┏━━

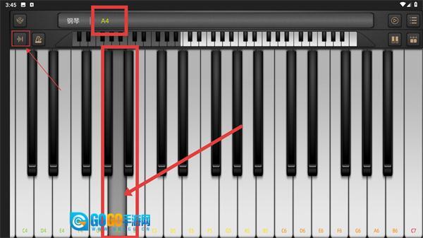 1、在钢琴界面,点击对应【A4】的琴键,同时能借助左侧按钮调节音量,完成该音符的弹奏。
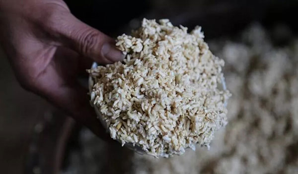 在大别山金寨今年流传着这样一句民谣:“老米酒,蔸子火,除了皇帝就是我。”山里人在寒冬腊月里,只要有酒有肉有炉火,就是简单的幸福。如有客人,主人家少不得要拿出老米酒来。老米酒是山里人自己用糯米酿制的。一般人家每年都要拿出一、两百斤糯米来酿制老米酒的。酒酿好后,还要放在酒缸里封好窖藏一段时间,等糯米全部化成酒后才饮用。
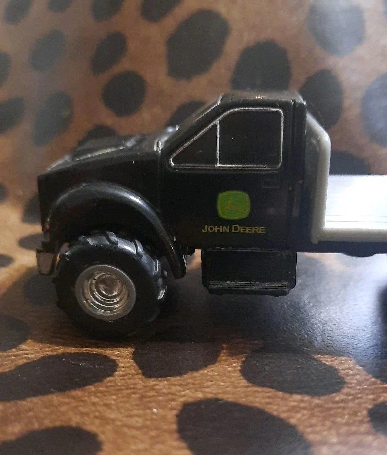 This John Deere truck hauler diecast toy is a must-have for any collector or fan of the brand. It features a flatbed design and is in the 1:64 scale. The vehicle make is John Deere and the theme is also John Deere. The hauler is made of a combination of diecast and plastic materials and is in good used condition. The color of the hauler is black and it belongs to the ERTL Farm Country series. The toy is perfect for display or play and is a great addition to any collection.
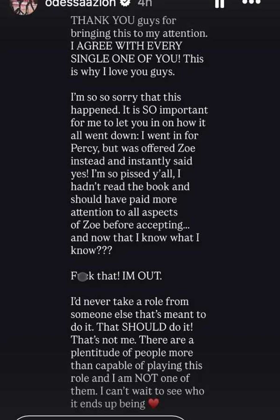 By Wednesday night, A’zion addressed the controversy directly, announcing via Instagram Stories that she was exiting the project. She explained that she had originally auditioned for a different role and said she had not been fully aware of Zoe’s identity when she accepted the part.
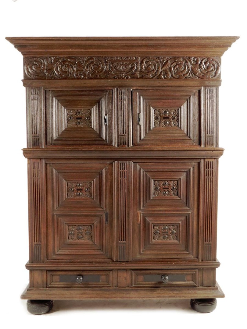 A Flemish oak cupboard, with a detachable moulded cornice above a frieze carved with scrolling foliage with birds and centred an urn above a pair of doors which strap work panels and ebonized decoration, the base with further conforming doors enclosing a shelf above two drawers, all flanked by stop fluted pilasters, on ebonized bun front feet, 17th century and later, 179cm high, 144cm wide, 59cm deep.
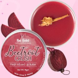 Kitchen fresh ultra moisturising Lip Butter made of Desi Ghee, Raw Honey and slow HEAT Infused beetroot & jasmine. The Beetroot Crush lip butter is packed with the goodness of fresh beetroot, jasmine, desi ghee, eucalyptus honey, kokum butter, shea butter & pure cold pressed oils for express lip repair, moisturising nourishment, lip reddening and protection against aging, and darkening. ZERO chemicals & preservatives. ZERO mineral oil & paraffins
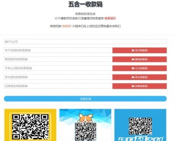 源码说明:支持微信支付,支付宝支付,手机QQ支付,京东钱包,百度钱包,五合一收款,将其二维码合并为一个二维码,无需手续费,支持的qq头像,昵称判断,自带35套模板任您选择,打造最简洁的收款服务!
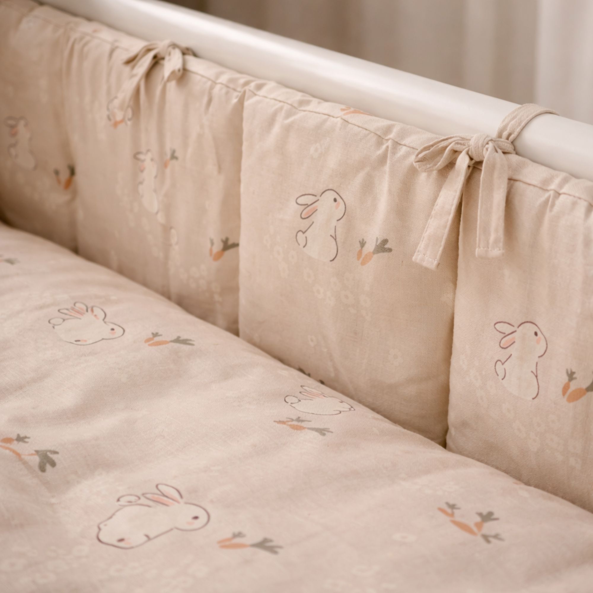 Betrækket er fremstillet i 100% blød bomuld, som føles behageligt og naturligt mod barnets hud. Det fine design i sand nuancer med kaniner giver et sødt og roligt udtryk i børneværelset.
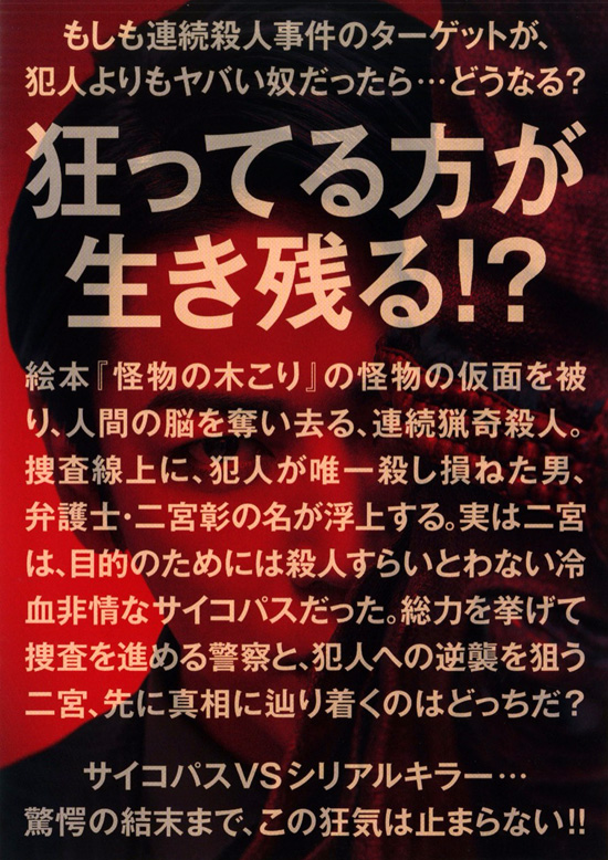 | 公開前から気になっていた「怪物の木こり」を長女とふたりで観てきました。期待以上、とても楽しめました。サイコパスが実は生まれながらのものではなかったということ、脳泥棒と呼ばれる連続殺人事件のそれにからむ悲しく切ない結末、最後までどうなるのか予測がつかない秀逸なストーリーでした。亀梨和也は二宮の役柄にぴったりで、何を考えているかわからなくて奥深くにある残酷さを見事に表現していて魅力的でした。連続殺人事件を追うプロファイラーの菜々緒も、二宮の恋人役の吉岡里帆も良かったです。本当は優しい普通の人間だったのに強制的にサイコパスに仕立てられ、あるきっかけでその呪縛(効果)から解けた時の自分のやったことへの絶望感、それがラスト前の二宮と意外な人物だった怪物の会話で切なく強烈に心に響いて伝わってきて、涙があふれてしまいました。本当の自分を取り戻し、サイコパスを殺し絶望で命を落とすことを選んだ怪物と、絶望の中でも婚約者を守って生きていくと決めた二宮、どちらもつらく悲しい選択です。しかし、本当のラストでさらに悲しい結末・・・、そこでサイコパスに戻ってしまったのかと思わせる二宮の行動は実は最後の映美に対する優しさと謝罪だったというのもまた悲しすぎました。私はこの泣ける結末に大満足でしたが、一緒に観た長女は二宮は最後はまたサイコパスに戻ったほうが面白かったかもと言っていました。ホラー好き、怖いもの好きな長女らしいです。それにしても、人間の感情というのは、何が"普通"なのでしょうね。そういうことも考えさせられる内容でした。本当に見ごたえのあるストーリーとキャストでとても面白い映画でした。なお、「怪物の木こり」のパンフレットは数日前から品切れ中になっていたのですが、映画を観終わって出てきたら入荷となっていて本当にグッドタイミングで入手できました。昨日観に来る予定を体調不良のために今日にして良かったです。入場者特典は、パンフレットと同じ写真のポスターでした。 |
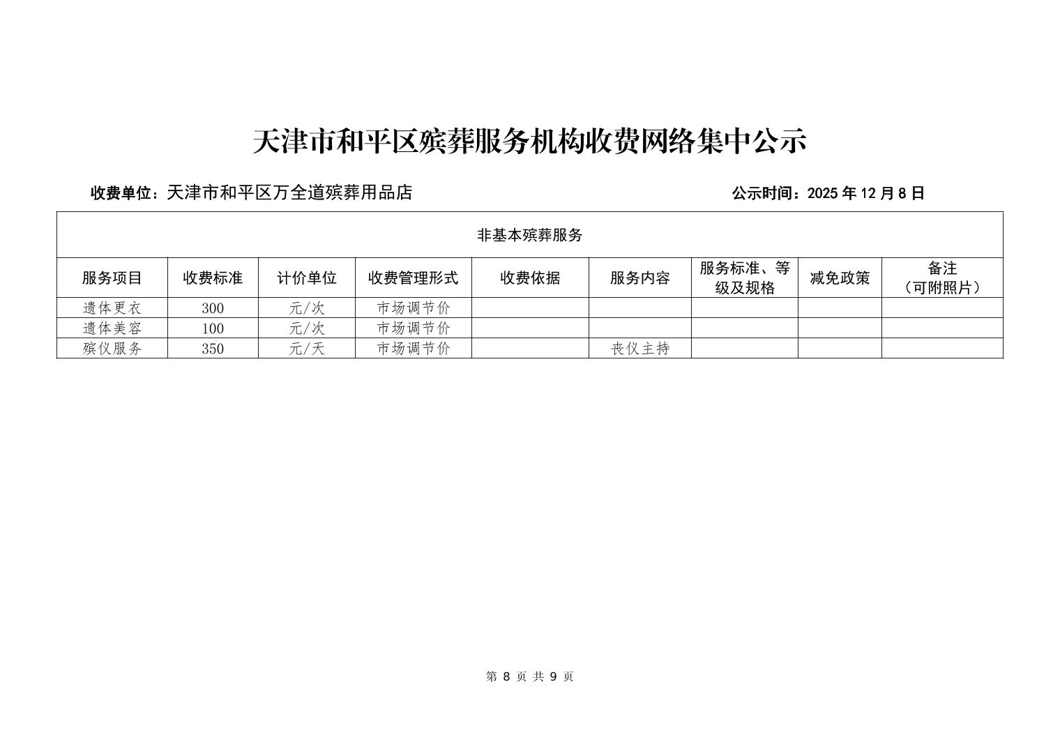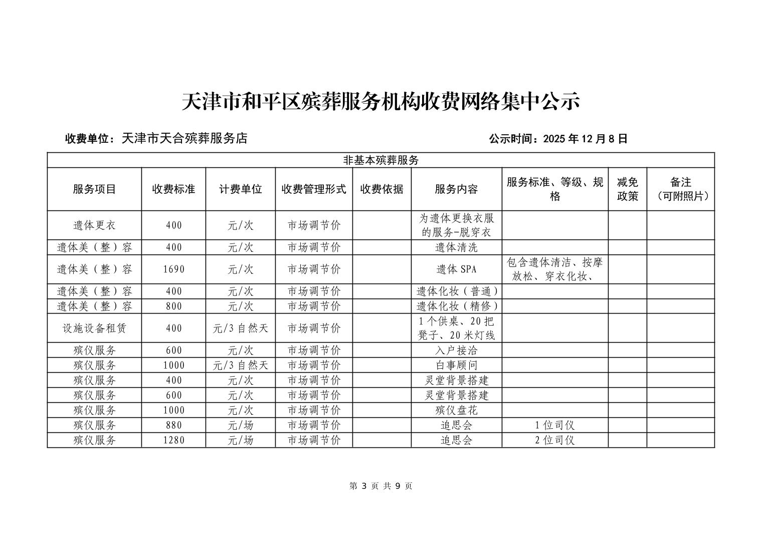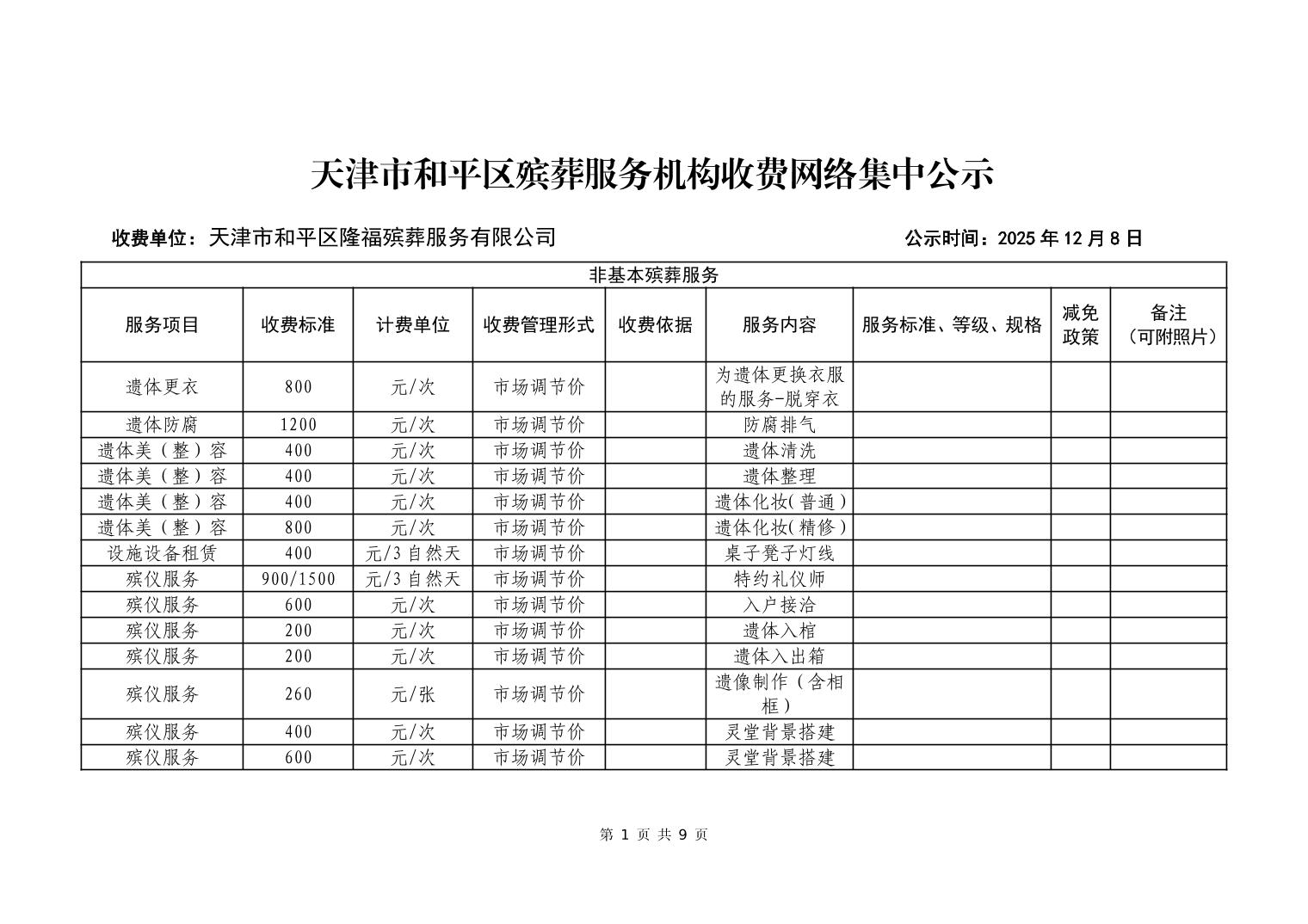 天津市和平区殡葬服务机构收费网络集中公示-非基本殡葬服务价格
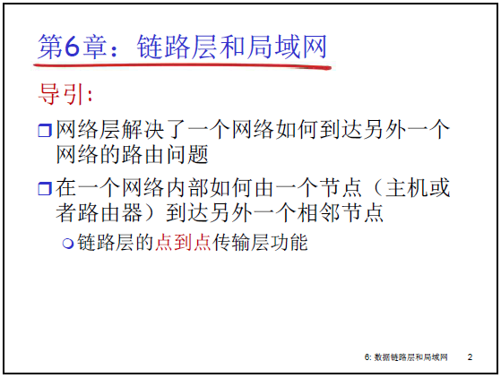 • 链路层的功能:解决子网内相邻节点(主机 / 路由器)的点到点传输问题—— 包括子网内主机间、主机与网关路由器间、路由器与相邻下一跳路由器间的传输。
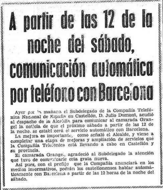 Algo tan cotidiano como una llamada telefónica supone, durante buena parte del siglo XX, la intervención de un telefonista. La operación manual de quienes hacen las labores de interconexión necesarias para completar la llamada es necesaria y la entrada en escena del «servicio automático» se implementa paso a paso. A finales de los años 60, Mediterráneo anuncia la buena nueva de la «comunicación automática por teléfono con Barcelona», una noticia tan esperada como para merecer la visita del subdelegado de Telefónica, Julio Dumont, al alcalde Francisco Grangel, quien muestra su satisfacción por la novedad. Como puede observarse en la noticia, solo unos días antes de que se pusiera en marcha el nuevo servicio, aún se desconoce cuál será el prefijo que se deba utilizar para contactar con la capital catalana.
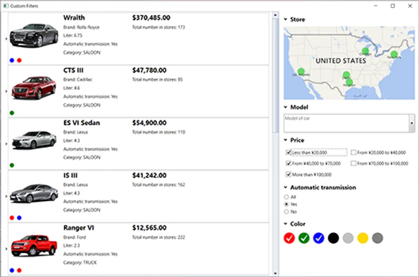 直観的な操作でデータのフィルタリングを行うことができるコントロールを提供します。アコーディオンレイアウトを使用したグループの管理や、フィールドのデータ形式に基づいたフィルタ処理が可能です。また、グリッド、リスト、ツリービュー、チャート、マップなどのデータ視覚化コントロールと組み合わせた使用も可能です。
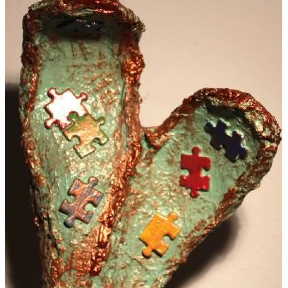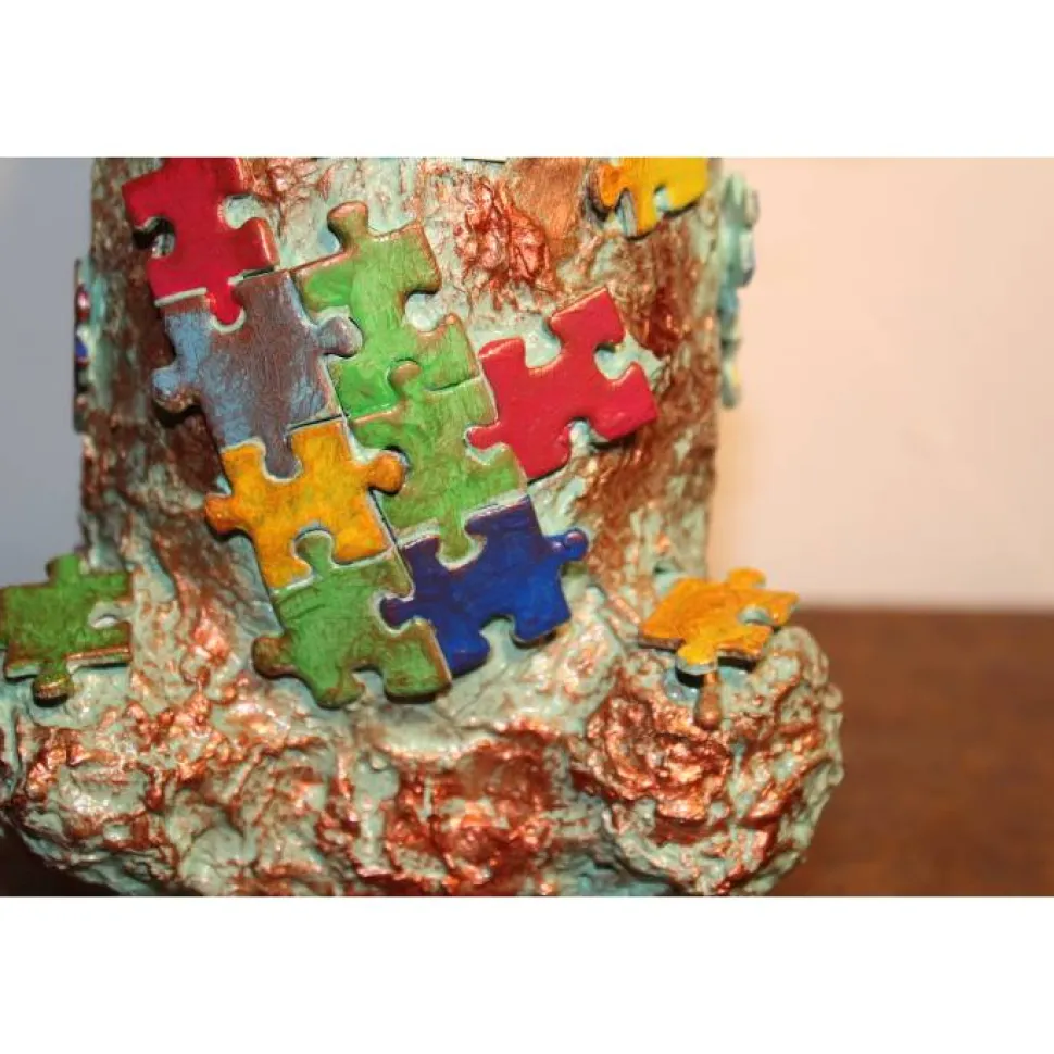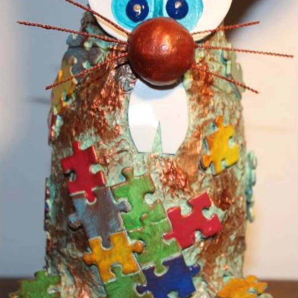 Witziges Upcycling-Projekt aus einer Glasflasche im Shabby-Stil, gestaltet mit Altpapier, Modelliermasse, Puzzleteilen und Acrylfarbe.

┗━━

### AIM OF THE TASK
Any picture in the listing above gets left out; output the rest exactly.

### SOLUTION
 1、在钢琴界面,点击对应【A4】的琴键,同时能借助左侧按钮调节音量,完成该音符的弹奏。
 在大别山金寨今年流传着这样一句民谣:“老米酒,蔸子火,除了皇帝就是我。”山里人在寒冬腊月里,只要有酒有肉有炉火,就是简单的幸福。如有客人,主人家少不得要拿出老米酒来。老米酒是山里人自己用糯米酿制的。一般人家每年都要拿出一、两百斤糯米来酿制老米酒的。酒酿好后,还要放在酒缸里封好窖藏一段时间,等糯米全部化成酒后才饮用。
 This John Deere truck hauler diecast toy is a must-have for any collector or fan of the brand. It features a flatbed design and is in the 1:64 scale. The vehicle make is John Deere and the theme is also John Deere. The hauler is made of a combination of diecast and plastic materials and is in good used condition. The color of the hauler is black and it belongs to the ERTL Farm Country series. The toy is perfect for display or play and is a great addition to any collection.
 By Wednesday night, A’zion addressed the controversy directly, announcing via Instagram Stories that she was exiting the project. She explained that she had originally auditioned for a different role and said she had not been fully aware of Zoe’s identity when she accepted the part.
 A Flemish oak cupboard, with a detachable moulded cornice above a frieze carved with scrolling foliage with birds and centred an urn above a pair of doors which strap work panels and ebonized decoration, the base with further conforming doors enclosing a shelf above two drawers, all flanked by stop fluted pilasters, on ebonized bun front feet, 17th century and later, 179cm high, 144cm wide, 59cm deep.
 Kitchen fresh ultra moisturising Lip Butter made of Desi Ghee, Raw Honey and slow HEAT Infused beetroot & jasmine. The Beetroot Crush lip butter is packed with the goodness of fresh beetroot, jasmine, desi ghee, eucalyptus honey, kokum butter, shea butter & pure cold pressed oils for express lip repair, moisturising nourishment, lip reddening and protection against aging, and darkening. ZERO chemicals & preservatives. ZERO mineral oil & paraffins
 源码说明:支持微信支付,支付宝支付,手机QQ支付,京东钱包,百度钱包,五合一收款,将其二维码合并为一个二维码,无需手续费,支持的qq头像,昵称判断,自带35套模板任您选择,打造最简洁的收款服务!
 Betrækket er fremstillet i 100% blød bomuld, som føles behageligt og naturligt mod barnets hud. Det fine design i sand nuancer med kaniner giver et sødt og roligt udtryk i børneværelset.
 | 公開前から気になっていた「怪物の木こり」を長女とふたりで観てきました。期待以上、とても楽しめました。サイコパスが実は生まれながらのものではなかったということ、脳泥棒と呼ばれる連続殺人事件のそれにからむ悲しく切ない結末、最後までどうなるのか予測がつかない秀逸なストーリーでした。亀梨和也は二宮の役柄にぴったりで、何を考えているかわからなくて奥深くにある残酷さを見事に表現していて魅力的でした。連続殺人事件を追うプロファイラーの菜々緒も、二宮の恋人役の吉岡里帆も良かったです。本当は優しい普通の人間だったのに強制的にサイコパスに仕立てられ、あるきっかけでその呪縛(効果)から解けた時の自分のやったことへの絶望感、それがラスト前の二宮と意外な人物だった怪物の会話で切なく強烈に心に響いて伝わってきて、涙があふれてしまいました。本当の自分を取り戻し、サイコパスを殺し絶望で命を落とすことを選んだ怪物と、絶望の中でも婚約者を守って生きていくと決めた二宮、どちらもつらく悲しい選択です。しかし、本当のラストでさらに悲しい結末・・・、そこでサイコパスに戻ってしまったのかと思わせる二宮の行動は実は最後の映美に対する優しさと謝罪だったというのもまた悲しすぎました。私はこの泣ける結末に大満足でしたが、一緒に観た長女は二宮は最後はまたサイコパスに戻ったほうが面白かったかもと言っていました。ホラー好き、怖いもの好きな長女らしいです。それにしても、人間の感情というのは、何が"普通"なのでしょうね。そういうことも考えさせられる内容でした。本当に見ごたえのあるストーリーとキャストでとても面白い映画でした。なお、「怪物の木こり」のパンフレットは数日前から品切れ中になっていたのですが、映画を観終わって出てきたら入荷となっていて本当にグッドタイミングで入手できました。昨日観に来る予定を体調不良のために今日にして良かったです。入場者特典は、パンフレットと同じ写真のポスターでした。 |
 天津市和平区殡葬服务机构收费网络集中公示-非基本殡葬服务价格
 • 链路层的功能:解决子网内相邻节点(主机 / 路由器)的点到点传输问题—— 包括子网内主机间、主机与网关路由器间、路由器与相邻下一跳路由器间的传输。
 Algo tan cotidiano como una llamada telefónica supone, durante buena parte del siglo XX, la intervención de un telefonista. La operación manual de quienes hacen las labores de interconexión necesarias para completar la llamada es necesaria y la entrada en escena del «servicio automático» se implementa paso a paso. A finales de los años 60, Mediterráneo anuncia la buena nueva de la «comunicación automática por teléfono con Barcelona», una noticia tan esperada como para merecer la visita del subdelegado de Telefónica, Julio Dumont, al alcalde Francisco Grangel, quien muestra su satisfacción por la novedad. Como puede observarse en la noticia, solo unos días antes de que se pusiera en marcha el nuevo servicio, aún se desconoce cuál será el prefijo que se deba utilizar para contactar con la capital catalana.
 直観的な操作でデータのフィルタリングを行うことができるコントロールを提供します。アコーディオンレイアウトを使用したグループの管理や、フィールドのデータ形式に基づいたフィルタ処理が可能です。また、グリッド、リスト、ツリービュー、チャート、マップなどのデータ視覚化コントロールと組み合わせた使用も可能です。
 Witziges Upcycling-Projekt aus einer Glasflasche im Shabby-Stil, gestaltet mit Altpapier, Modelliermasse, Puzzleteilen und Acrylfarbe.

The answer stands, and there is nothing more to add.